Libya, 2011: The U.S. and NATO to the rescue again. For more than six months, almost daily missile attacks against the government and forces of Muammar Gaddafi as assorted Middle East jihadists assembled in Libya and battled the government on the ground. The predictable outcome came to be the jihadists now in control of parts of the country and fighting for the remaining parts.

The wartime allies showed their gratitude to Washington by assassinating the U.S. ambassador and three other Americans, presumably CIA, in the city of Benghazi.

Caucasus (Russia), mid-2000s to present: The National Endowment for Democracy and Freedom House have for many years been the leading American “non-government” institutions tasked with destabilizing, if not overthrowing, foreign governments which refuse to be subservient to the desires of U.S. foreign policy.

Both NGOs have backed militants in the Russian Caucasus area, one that has seen more than its share of terror stretching back to the Chechnyan actions of the 1990s. [Sibel Edmonds’ Boiling Frogs Post, “Barbarians at the Gate: Terrorism, the US, and the Subversion of Russia”, Aug. 30, 2012]

William Blum is an author, historian, and renowned critic of U.S. foreign policy. He is the author of Killing Hope: U.S. Military and CIA Interventions Since World War II and Rogue State: A Guide to the World’s Only Superpower, among others. [This article originally appeared at the Anti-Empire Report,  http://williamblum.org/ .]

2 comments for “Which Side of the ‘War on Terror’?

  1. LD
    October 9, 2013 at 22:02

    This is such a great article. (Of course, there are more incidences than Blum identifies, but the piece would take a few hours to read.)

    “Which Side of the ‘War on Terror’?” Depends who you are asking. For the “power-brokers” (TPTB.) how about both sides?
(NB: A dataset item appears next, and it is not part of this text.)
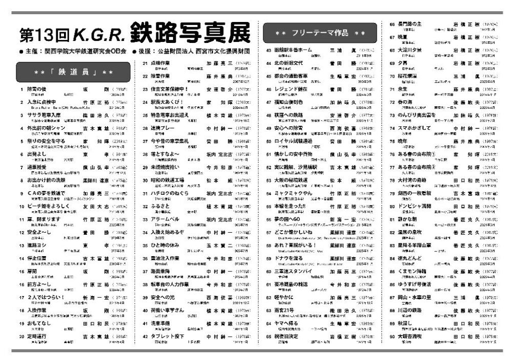 昨年に引き続き、今年も関西学院大学鉄道研究会OB会主催で「第13回K.G.R.鉄路写真展」を 開催いたします。今回の特集テーマは鉄道で働く人々にスポットを当てた「鉄道員」です。鉄道員といえば日頃ごろ私達が利用する時に接することが多い駅員や車掌・運転士を思い浮かべますが、車庫で車両の点検や整備を行う人々、線路や信号設備の維持管理に当たる人など様々な業務に多くの職員が携わっています。そしてこれらの鉄道員に支えられて公共交通機関としての使命を果たしています。一方近年は自動改札・タッチ決済やワンマン運転が都市路線・ローカル線を問わず普及し鉄道員を目にする機会が少なくなったことも事実であり時代の流れを感じざるを得ません。

Like the War on Drugs, War on Poverty, the War on …World I & II & ______ (fill-in the blank,) if you support both sides, there’s an awful lot of bank to make for your power-brokering selves. (“War is a Racket,” (1935) General Smedley Butler)
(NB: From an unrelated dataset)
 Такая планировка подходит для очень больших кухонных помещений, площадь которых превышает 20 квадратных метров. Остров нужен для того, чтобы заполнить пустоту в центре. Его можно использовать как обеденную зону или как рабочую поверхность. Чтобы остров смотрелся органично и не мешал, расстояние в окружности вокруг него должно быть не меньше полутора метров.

    I’m reading “The Globalization of Poverty & The New World Order” (2003) by Michel Chossudovsky where he assiduously outlines how the concurrent neoliberal “structural reforms” that were demanded by the “London/DC/Paris Club” members in the IMF/WB/WTO mandates for debt “restructuring,” were predictably and specifically, in Bosnia, Kosovo, Somalia, Congo, & Rwanda, setting the stage for the actual ENHANCEMENT of the “players” involved in the War-on-Terrorism market sector, both sides (and as a de facto added benefit, the War-on-Drugs market sector, both sides, as accompaniment.)

    Again, cui bono?

    • Peter Loeb
      October 10, 2013 at 05:58

      Thanks for an excellent reply. I agree.